HASC, Clegg and drug policy reform

The publication of the Home Affairs Select Committee report on drug policy, followed by Nick Clegg’s intervention on the matter, raised a huge amount of interest in the field, prompting a flurry of media appearances, tweets, blogs and the like. My own response was more muted than all that and I couldn’t think of anything very constructive to say about it. And then I remembered a ‘Dear Minister…’ letter I was invited to write for Criminal Justice Matters in the run-up to the 2010 General Election, and realised this still pretty much said it all for me. So, I’ve reproduced it below…
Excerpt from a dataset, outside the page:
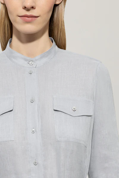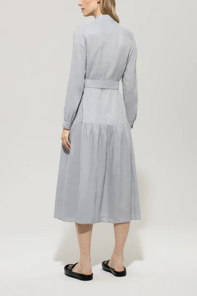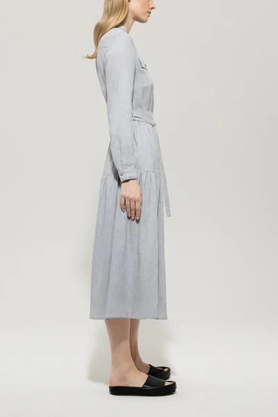 Довга сукня-сорочка з літньої суміші льону та віскози з вузьким коміром-стійкою та застібкою на ґудзики по всій довжині. Сукня доповнена двома накладними нагрудними кишенями, двома потайними боковими кишенями та широким воланом по подолу. Пояс на зав'язках підкреслює талію.

 ‘What is to be done?’ Lenin once famously asked in his blueprint for a revolution. Some of this radical spirit will be needed by the new government if it is to get to grips with a key challenge for the coming decade: the problem of alcohol and other drugs.

 A Saturday-night tour of any police station or hospital A&E department teaches us a sharp lesson about the domestic failures of our current approach; whilst the violence and corruption in places like Afghanistan and Colombia remind us that this is a problem with a global span. How have we got things so wrong? And how can we put them right?

 There is no easy answer. We know that the old solutions do not work. Any politician who claims that the way forward lies in reviewing drug classifications or tightening supply controls or any of the other stock responses, is either misguided or dishonest. We desperately need fresh thinking.

 This will be difficult. It involves removing the comfort blanket of some of our moral, cultural and political certainties. Specifically, three habits of thought need to be overturned before we can make progress:

 1)      We must look beyond the law. Regulation scholars have taught us that the law is not the only game in town when it comes to regulating markets and human behaviour. The construction of a new legal framework is not a magic bullet.

2)      We must look beyond the state. State institutions, and supranational bodies like the UN, are only one set of actors in the field, and it is myopic to see them as the sole or even primary agencies involved.

3)      We must have an integrated approach. We should not assume that existing legal categorisations reflect actual differences between substances.

 The new government has the opportunity to be in the vanguard of a radical new approach. Will it have the courage and imagination to start a revolution?


Postscript. Two further thoughts about HASC/Clegg. First, calls for a Royal Commission are misguided, in my view. What is it about drug policy that we don’t already know? A Royal Commission would simply be an elaborate and expensive way of kicking the issue into the long grass. Second, a few days after Clegg’s statement, I heard a political commentator describing how the new LibDem political strategy involves disagreeing with their coalition partners as often as possible, as part of an attempt to avoid electoral meltdown in 2015. It’s hard to avoid the conclusion that Clegg’s intervention on drug policy is driven by rather more calculating and self-interested motives than some have suggested.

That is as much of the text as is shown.